# ASSIGNED TASK
Could you restate, exactly and with nothing added, the lines from the start of the data through the line that holds "Главный козырь дерева", leaving the pictures out?

[SOURCE DATA — start]

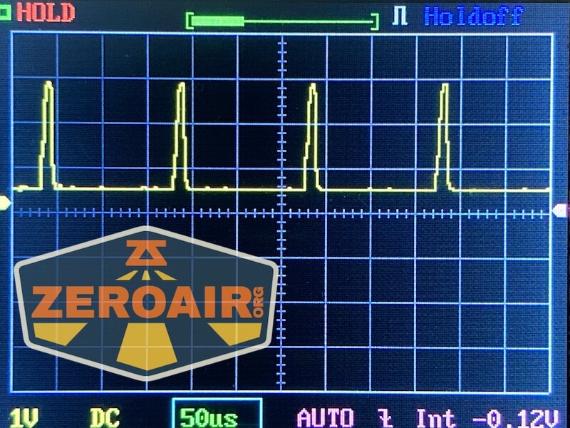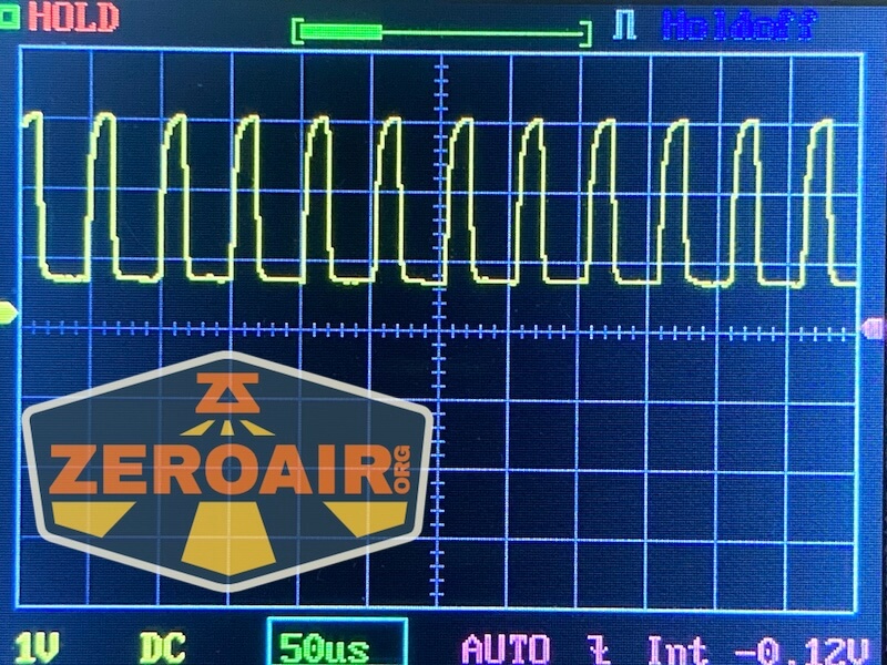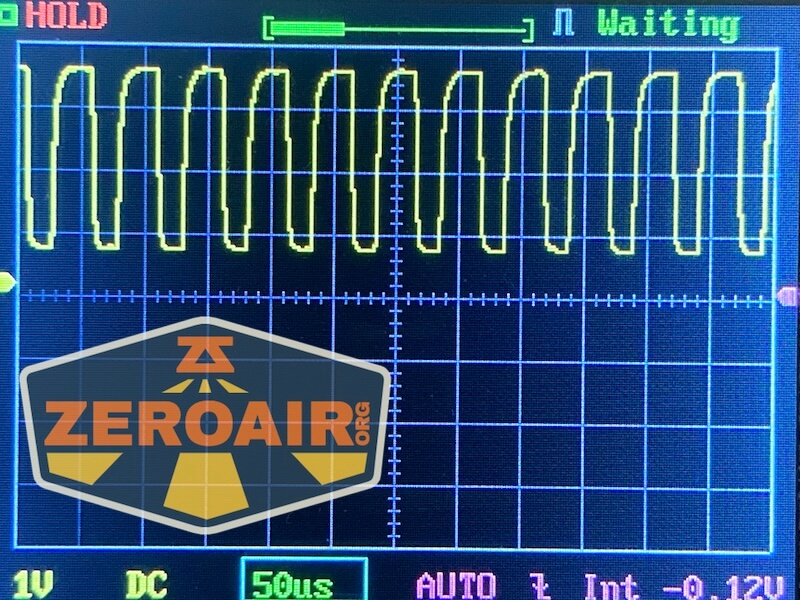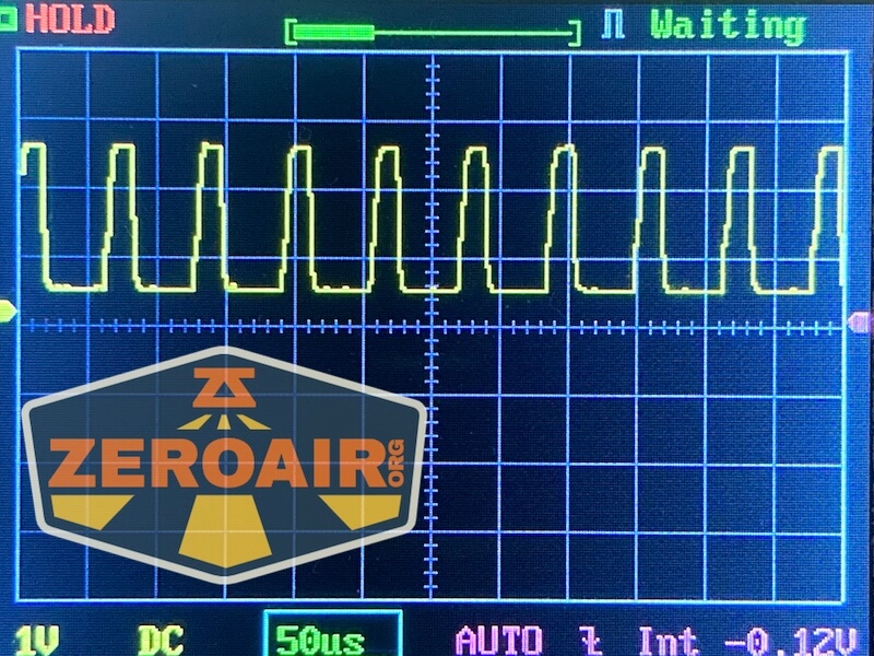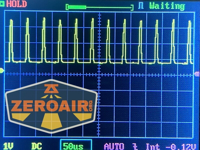 Then there’s the Ultrafire WF-602C flashlight, which has some of the worst PWM I’ve seen. It’s so bad that I used a post about it to explain PWM! Here are multiple timescales (10ms, 5ms, 2ms, 1ms, 0.5ms, 0.2ms) to make comparing this “worst” PWM light to the test light easier. That post also explains why I didn’t test the WF-602C at the usual 50us scale. Also, here’s the light with the worst PWM I could find. I’m adding multiple timescales, so it’ll be easier to compare to the test light. Unfortunately, the PWM on this light is so bad that it doesn’t even work with my normal scale, which is 50 microseconds (50us). 10ms. 5ms. 2ms. 1ms. 0.5ms. 0.2ms. In a display faster than 0.2ms or so, the on/off cycle is more than one screen, so it’d just (very incorrectly) look like a flat line. I wrote more about this Ultrafire WF-602C flashlight and briefly explained PWM.
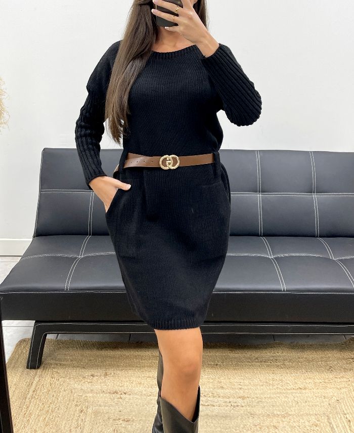 ROBE - PULL MAILLE + CEINTURE AH255213 NOIR
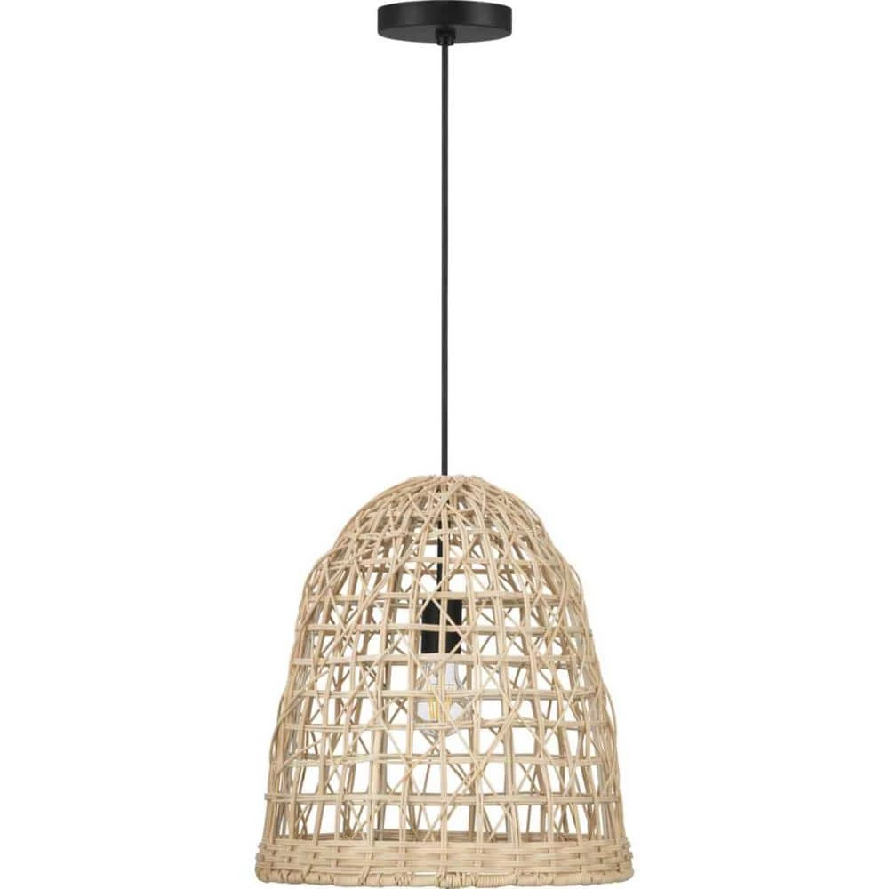 Covet organic design with the Jocassee Collection 1-Light Rattan Pendant. A light source peeks from within the woven rattan shade for a natural earthly glow. The hardware is finished in a classic matte black finish sure to complement a variety of style settings craving an organic touch.
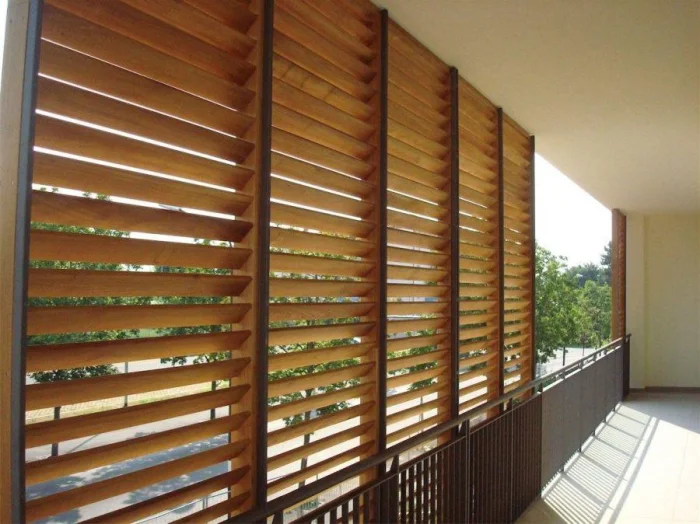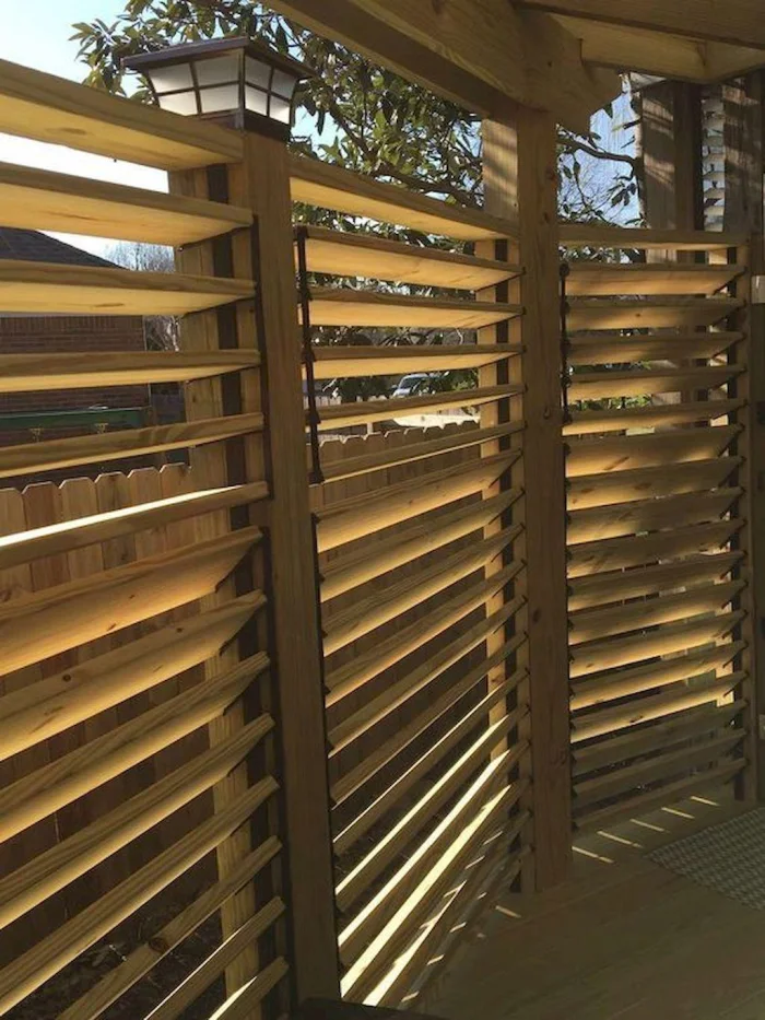 Главный козырь дерева — его бессмертная эстетика. Деревенский шарм, ощущение истории, благородство фактуры. Такие жалюзи подойдут к любому стилю. Их изготавливают из разных пород, а при желании можно подобрать оттенок или покрытие. Это всесезонное решение, защищающее и от дождя, и от ветра.
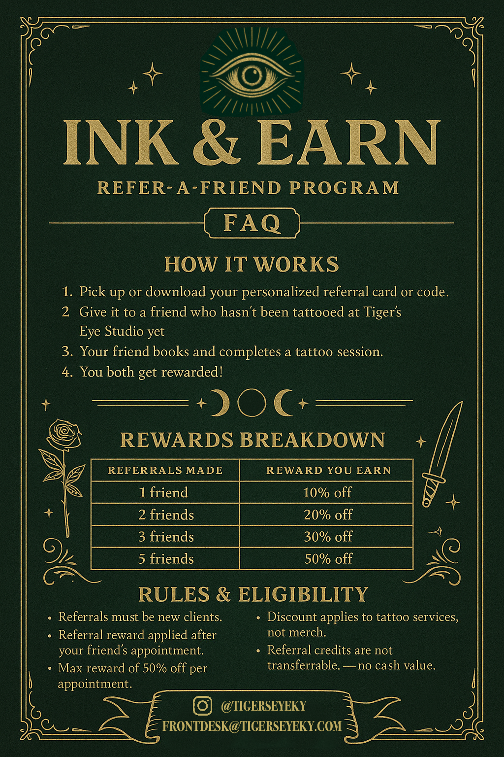Welcome to Ink & Earn, Tiger’s Eye Studio’s official referral program! We created this program to reward our most loyal clients for sharing the studio with friends, family, and fellow tattoo lovers.
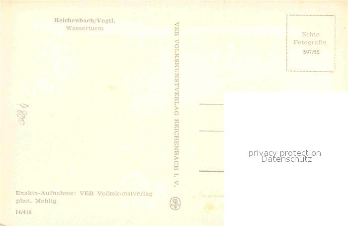 72643619 Reichenbach Vogtland Wasserturm postalisch nicht gelaufen Erhaltung siehe scans [NatalD47] KatCode: 11110014178510
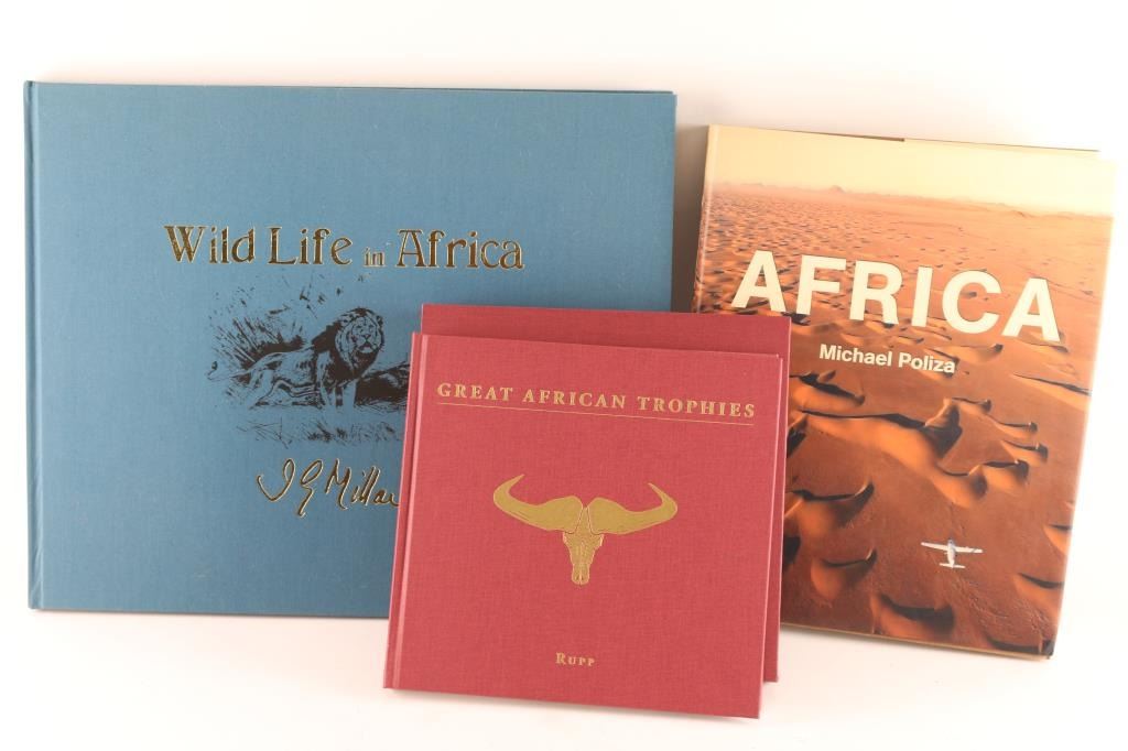 (1) Great African Trophies by Rupp First Edition #340 (1) Africa by Michael Poliza 2007 - light water damage (1) Wild Life in Africa by John G Millais 2009 - heavy water damage
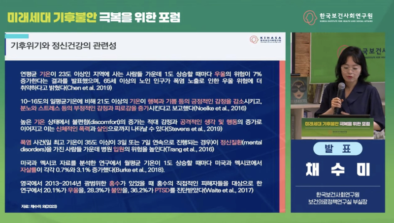 채 부실장은 특히 국가와 지역 사회의 역할을 강조했다. 그는 “국민이 기후행동에 적극적으로 참여할 수 있도록 일관성 있는 기후 대응 정책을 마련해야 한다”고 강조했다. 또 “기후불안의 부정적 영향을 최소화하기 위해서는 지속적인 모니터링과 평가가 필요하다”고 덧붙였다.
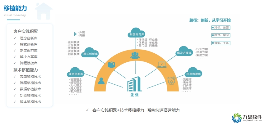 平臺強大的管理移植能力,主要源于九思十六年的客戶實踐積累,以及在移植技術方面的開拓創新。通過技術技術,可以通過一鍵導入的方式,快速地把A客戶的成功實踐,移植成B客戶的管理創新。
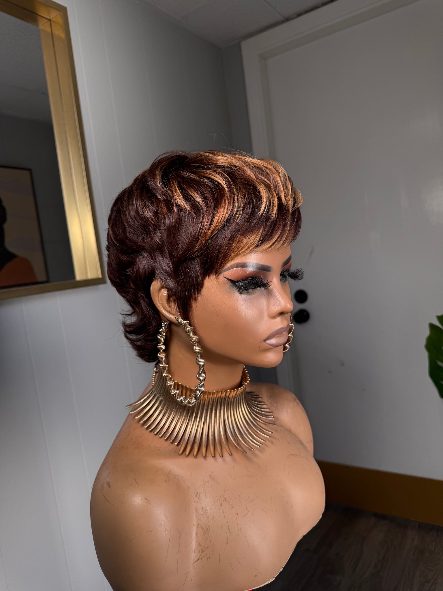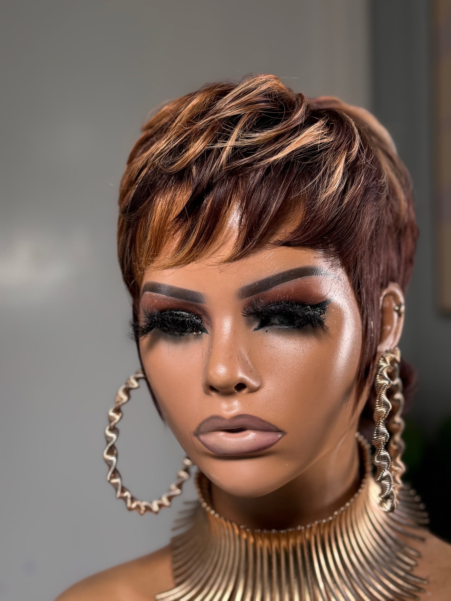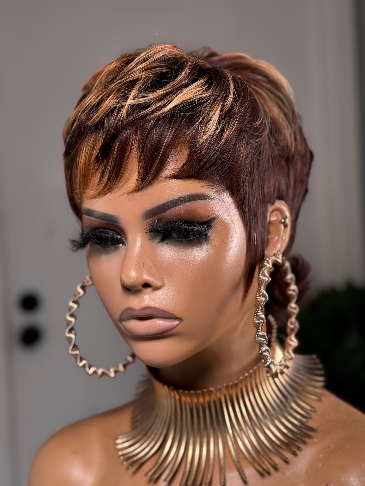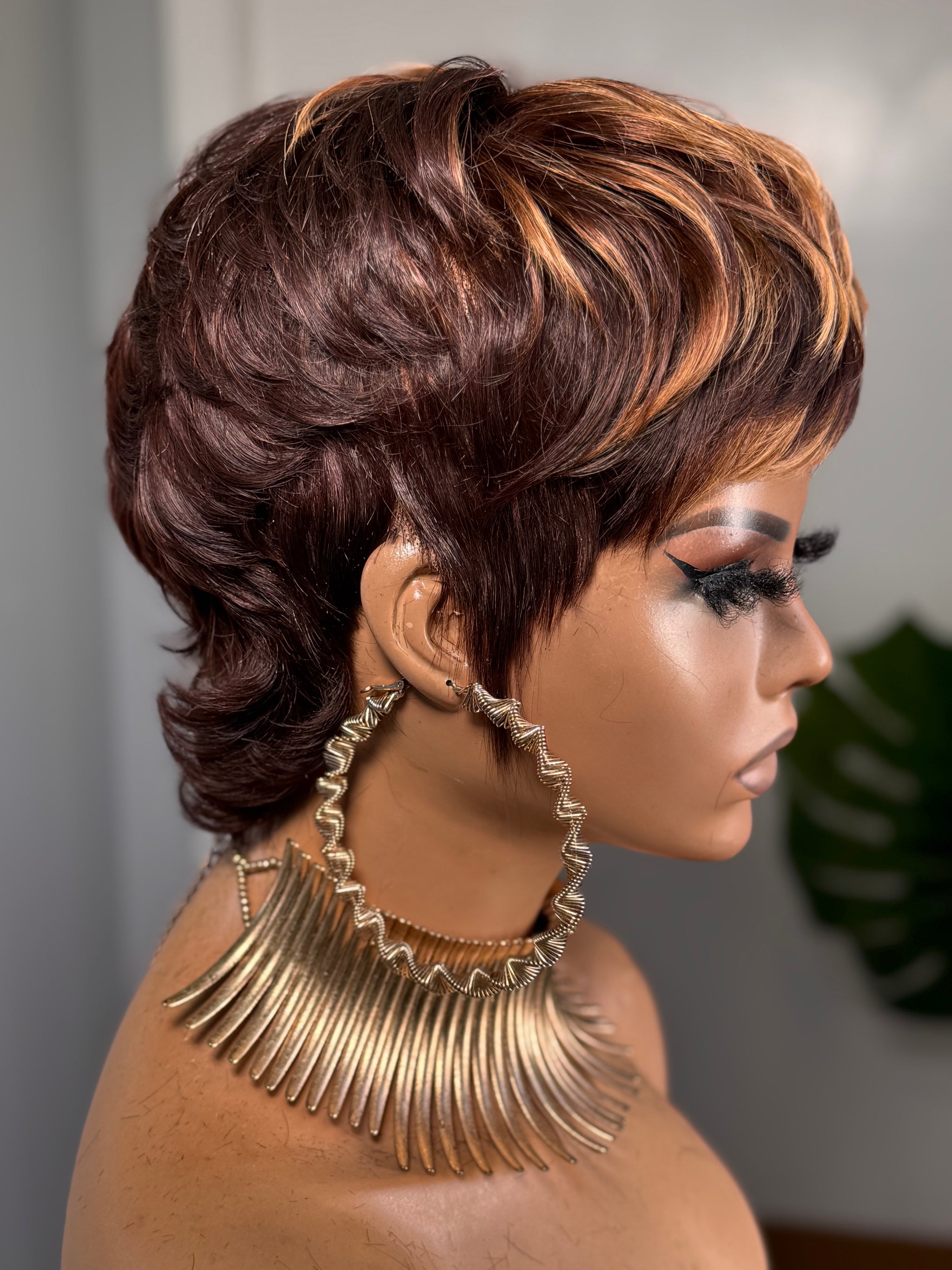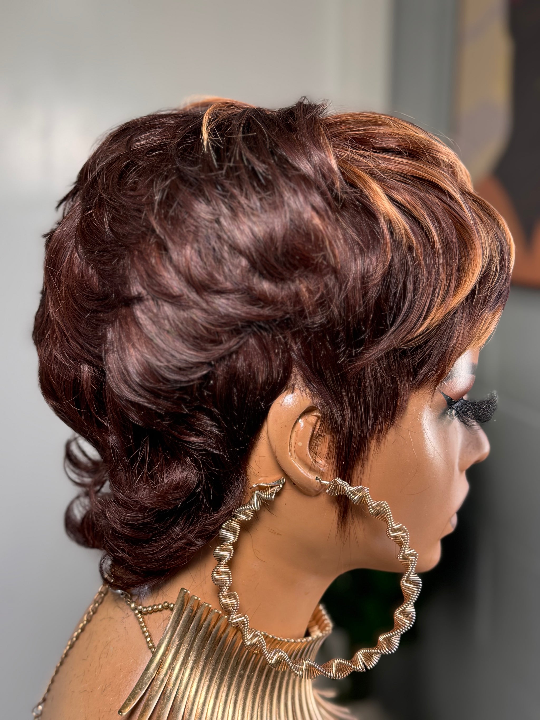 This shaggy wolf cut features a rich red brown base blended with soft highlights that add depth, movement, and texture throughout the unit. She is layered, lived in, and perfectly undone in the best way.

[SOURCE DATA — finish]

# EXERCISE RESULT
 Then there’s the Ultrafire WF-602C flashlight, which has some of the worst PWM I’ve seen. It’s so bad that I used a post about it to explain PWM! Here are multiple timescales (10ms, 5ms, 2ms, 1ms, 0.5ms, 0.2ms) to make comparing this “worst” PWM light to the test light easier. That post also explains why I didn’t test the WF-602C at the usual 50us scale. Also, here’s the light with the worst PWM I could find. I’m adding multiple timescales, so it’ll be easier to compare to the test light. Unfortunately, the PWM on this light is so bad that it doesn’t even work with my normal scale, which is 50 microseconds (50us). 10ms. 5ms. 2ms. 1ms. 0.5ms. 0.2ms. In a display faster than 0.2ms or so, the on/off cycle is more than one screen, so it’d just (very incorrectly) look like a flat line. I wrote more about this Ultrafire WF-602C flashlight and briefly explained PWM.
 ROBE - PULL MAILLE + CEINTURE AH255213 NOIR
 Covet organic design with the Jocassee Collection 1-Light Rattan Pendant. A light source peeks from within the woven rattan shade for a natural earthly glow. The hardware is finished in a classic matte black finish sure to complement a variety of style settings craving an organic touch.
 Главный козырь дерева — его бессмертная эстетика. Деревенский шарм, ощущение истории, благородство фактуры. Такие жалюзи подойдут к любому стилю. Их изготавливают из разных пород, а при желании можно подобрать оттенок или покрытие. Это всесезонное решение, защищающее и от дождя, и от ветра.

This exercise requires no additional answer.